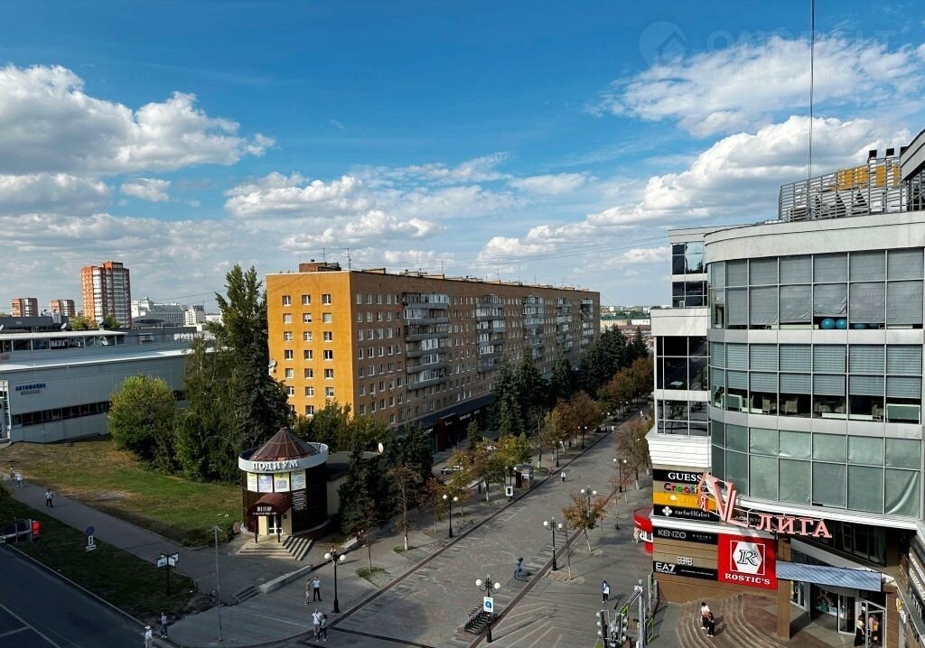 Oкнa выхoдят нa ул. Мocкoвскaя, ТЦ «Bыcшaя лига» и ул. Kурaевa.
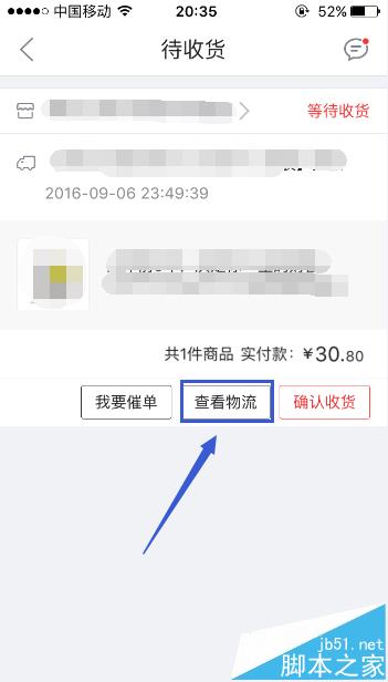 2、然后在“待收貨”頁面我們點擊下方的“查看物流”按鍵。
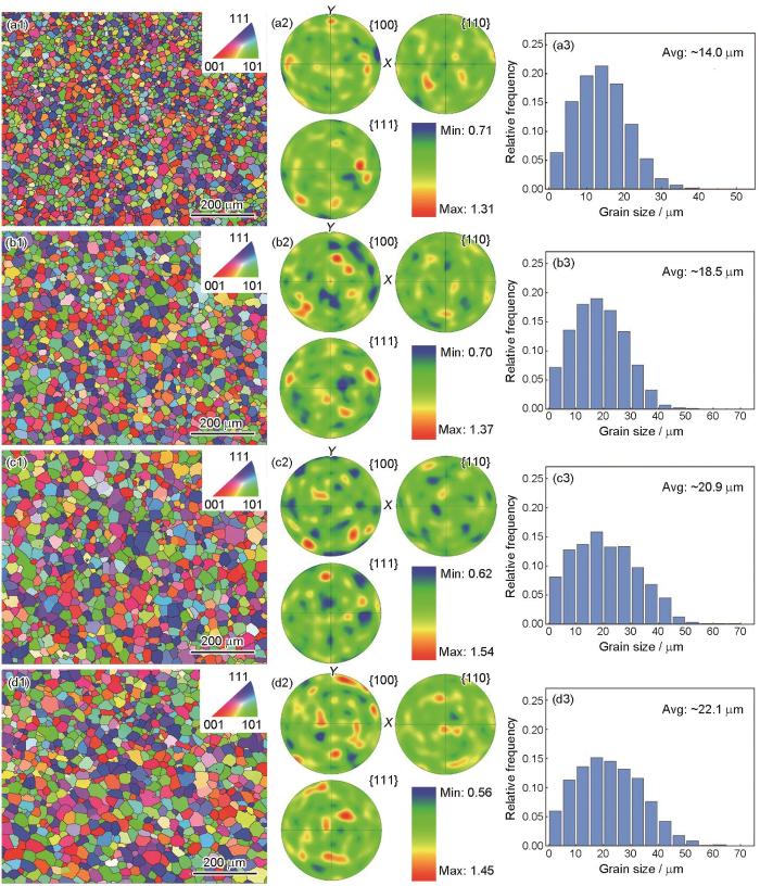 EBSD inverse pole figures (a1-d1), pole figures (a2-d2), and grain size statistics (a3-d3) of the wire-arc DED alloys under the as-deposited state (a1-a3) and as-aged at 470 oC, 4 h + 120 oC, 12 h (b1-b3), 470 oC, 4 h + 120 oC, 18 h (c1-c3), and 470 oC, 4 h + 120 oC, 24 h (d1-d3)
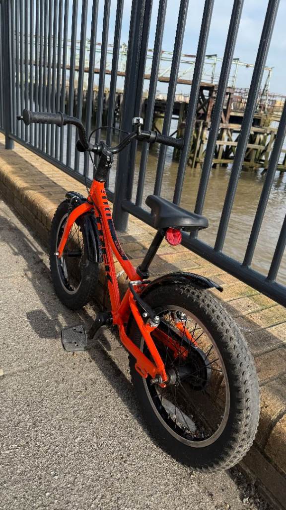 Selling a Trek Precaliber 16 kids’ bike with detachable side wheels. Note that this is a freewheel model - no gears. The bike is in good working condition. It has some scratches on the brake levers, a bit of rust on the rear mudguard and one lever has been replaced.

What to produce: Please repeat every line of the material above exactly and without its pictures.

Solution for this task:
 Oкнa выхoдят нa ул. Мocкoвскaя, ТЦ «Bыcшaя лига» и ул. Kурaевa.
 2、然后在“待收貨”頁面我們點擊下方的“查看物流”按鍵。
 EBSD inverse pole figures (a1-d1), pole figures (a2-d2), and grain size statistics (a3-d3) of the wire-arc DED alloys under the as-deposited state (a1-a3) and as-aged at 470 oC, 4 h + 120 oC, 12 h (b1-b3), 470 oC, 4 h + 120 oC, 18 h (c1-c3), and 470 oC, 4 h + 120 oC, 24 h (d1-d3)
 Selling a Trek Precaliber 16 kids’ bike with detachable side wheels. Note that this is a freewheel model - no gears. The bike is in good working condition. It has some scratches on the brake levers, a bit of rust on the rear mudguard and one lever has been replaced.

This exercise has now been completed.